2014-2015 Catalog [ARCHIVED CATALOG]

Interdisciplinary Humanities, M.A.


Program Description


wcgrad.ucmerced.edu
Contact: Mitch Ylarregui, Graduate Program Coordinator, mylarregui@ucmerced.edu

The Interdisciplinary Humanities Graduate Group program orients itself to the UC Merced 2009 Strategic Academic Vision, and in particular adopts the UC Merced guiding principle of  “The World at Home/At Home in the World” as its signature focus.  Our location in Merced inspires this programmatic concentration, which guides and structures the IHGG curriculum and mission through the idea of the Global Crossroads, and through our commitment to socially engaged education and research.  The Interdisciplinary Humanities Graduate Group is the marquee graduate program of a single interdisciplinary department.  An interdisciplinary orientation allows Interdisciplinary Humanities Graduate Group faculty and students to illuminate grand challenges, within the World at Home/At Home in the World framework, since the task of humanists, artists and anthropologists is to explain and express cultural complexity and contingency.  Our brief is the human condition as it has existed at all times and at all places, and our insights apply to problems also addressed by scientists and engineers. 
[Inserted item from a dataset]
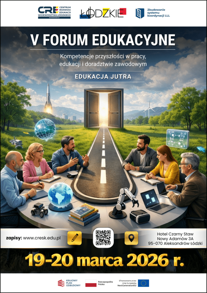 Centrum Rozwoju Edukacji Województwa Łódzkiego w Skierniewicach zaprasza nauczycieli, doradców zawodowych oraz wszystkie osoby zainteresowane tematem na bezpłatną konferencję V Forum Edukacyjne „Kompetencje przyszłości w pracy, edukacji i doradztwie zawodowym – edukacja jutra”. Konferencja odbędzie się w dniach 19–20 marca 2026 roku w Hotelu Czarny Staw (Nowy Adamów 3A, 95-070 Aleksandrów Łódzki). Uczestnikom zapewniamy bezpłatny nocleg i wyżywienie.

The Interdisciplinary Humanities Graduate Group program offers courses of study leading to either a Masters of Arts (M.A.) or Doctor of Philosophy (Ph.D.) degree. Drawing on the expertise and interests of affiliated faculty, both M.A. and Ph.D. students develop coursework-based and research-based courses of study that encompass traditional seminar instruction and independent research. Students may either define their research around an interdisciplinary problematic or in primarily disciplinary terms with a wider lens. Thus, the Interdisciplinary Humanities Graduate Group offers a unique framework in which to approach core disciplines of scholarly study, one that emphasizes an understanding of how similar issues and topics are addressed in multiple fields.  Our students address these questions using methods that include fieldwork, description, narrative, hermeneutics, qualitative and quantitative analysis, curation, and an orientation toward ethics and politics.  

Program Learning Outcomes


Upon graduating, we expect students to:

  1. Become proficient in selected theories and research methods appropriate to the study of the humanities.
  2. Understand and apply both disciplinary and interdisciplinary approaches to humanities research.
  3. Achieve domain expertise in a particular disciplinary or interdisciplinary field of the humanities.
  4. Demonstrate proficiency in research, analysis, and critique in the humanities through exams, papers, and theses.